Geographic Minerals

Danalite: Properties and Occurrences

Danalite: Properties and Occurrences

Danalite is an iron beryllium silicate sulfide mineral with formula: Fe2+4Be3(SiO4)3S. It is beryllium-bearing, and found typically in tin-beryllium skarns, but also found in NYF style pegmatites as is this occurrence. It is a mineral that consists of a reddish or gray silicate and sulfide of iron and beryllium usually containing also zinc and manganese and that is isomorphous with helvite and genthelvite.

Danalite was first described in 1866 from a deposit in Essex County, Massachusetts and named for American mineralogist James Dwight Dana (1813–1895).

General Information

  • Category: Sodalite – Feldspathoid
  • Formula: Fe2+4Be3(SiO4)3S
  • Crystal system: Isometric
  • Crystal class: Hextetrahedral (43m)

Properties

  • Color: Yellow, pink, reddish brown, red: colorless to pink in thin section
  • Crystal habit: Octahedral and dodecahedral crystals, typically massive or as segregations
  • Fracture: Subconchoidal to uneven
  • Tenacity: Brittle
  • Mohs scale hardness: 5.5 to 6
  • Luster: Vitreous or greasy
  • Streak: Grey white
  • Diaphaneity: Semitransparent
  • Specific gravity: 3.28 – 3.46
  • Optical properties: Isotropic

Occurrence: In granites, granite pegmatites, zones of contact metamorphism, skarns, and gneisses.

It is a rare mineral which occurs in granites, tin-bearing pegmatites, contact metamorphic skarns, gneisses and in hydrothermal deposits. It occurs in association with magnetite, garnet, fluorite, albite, cassiterite, pyrite, muscovite, arsenopyrite, quartz, and chlorite.

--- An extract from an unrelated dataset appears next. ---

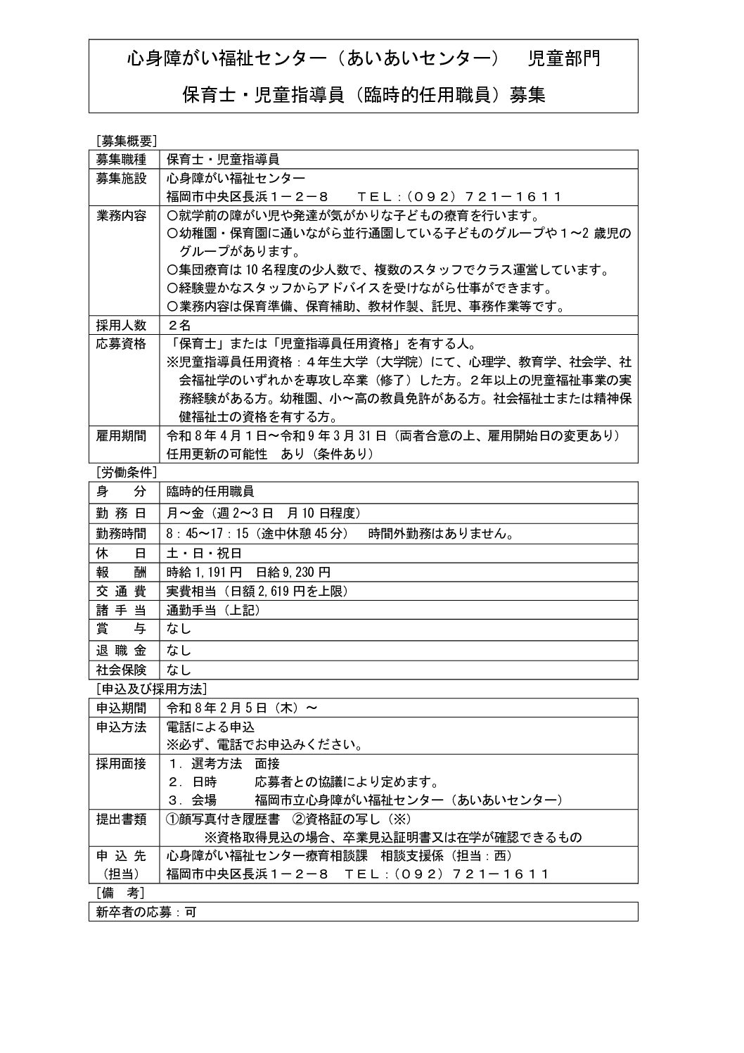 保育士・児童指導員(臨時的任用職員)

It has been found in Massachusetts, New Hampshire, Sierra County, New Mexico; Yavapai County, Arizona; Needlepoint Mountain, British Columbia; Walrus Island, James Bay, Quebec; Sweden; Cornwall, England; Imalka and Transbaikal, Russia; Kazakhstan; Somalia; Tasmania; Western Australia and Hiroshima Prefecture, Japan.